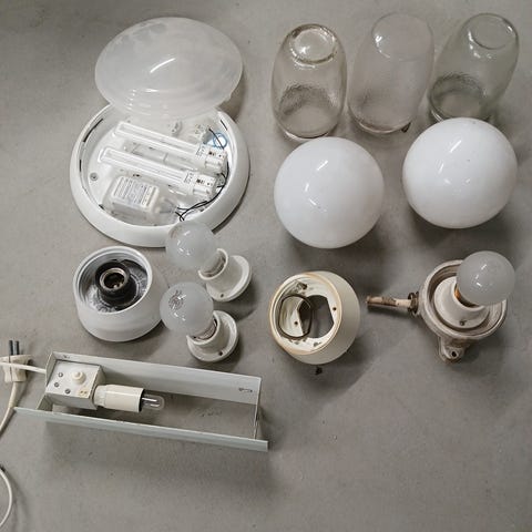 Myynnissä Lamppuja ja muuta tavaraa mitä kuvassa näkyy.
* * *
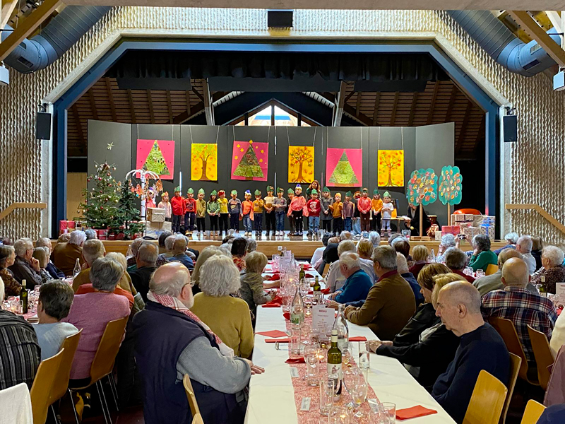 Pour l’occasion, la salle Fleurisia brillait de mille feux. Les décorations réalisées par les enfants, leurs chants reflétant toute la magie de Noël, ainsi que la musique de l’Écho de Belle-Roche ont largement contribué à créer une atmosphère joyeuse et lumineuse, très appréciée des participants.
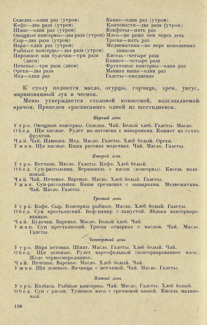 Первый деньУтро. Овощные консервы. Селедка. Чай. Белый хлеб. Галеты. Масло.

Task instructions: Starting at the line above that has "Pour l’occasion, la" and ending at the line that has "Первый деньУтро. Овощные", copy each line exactly, leaving the pictures out and adding nothing.

Problem solution:
 Pour l’occasion, la salle Fleurisia brillait de mille feux. Les décorations réalisées par les enfants, leurs chants reflétant toute la magie de Noël, ainsi que la musique de l’Écho de Belle-Roche ont largement contribué à créer une atmosphère joyeuse et lumineuse, très appréciée des participants.
 Первый деньУтро. Овощные консервы. Селедка. Чай. Белый хлеб. Галеты. Масло.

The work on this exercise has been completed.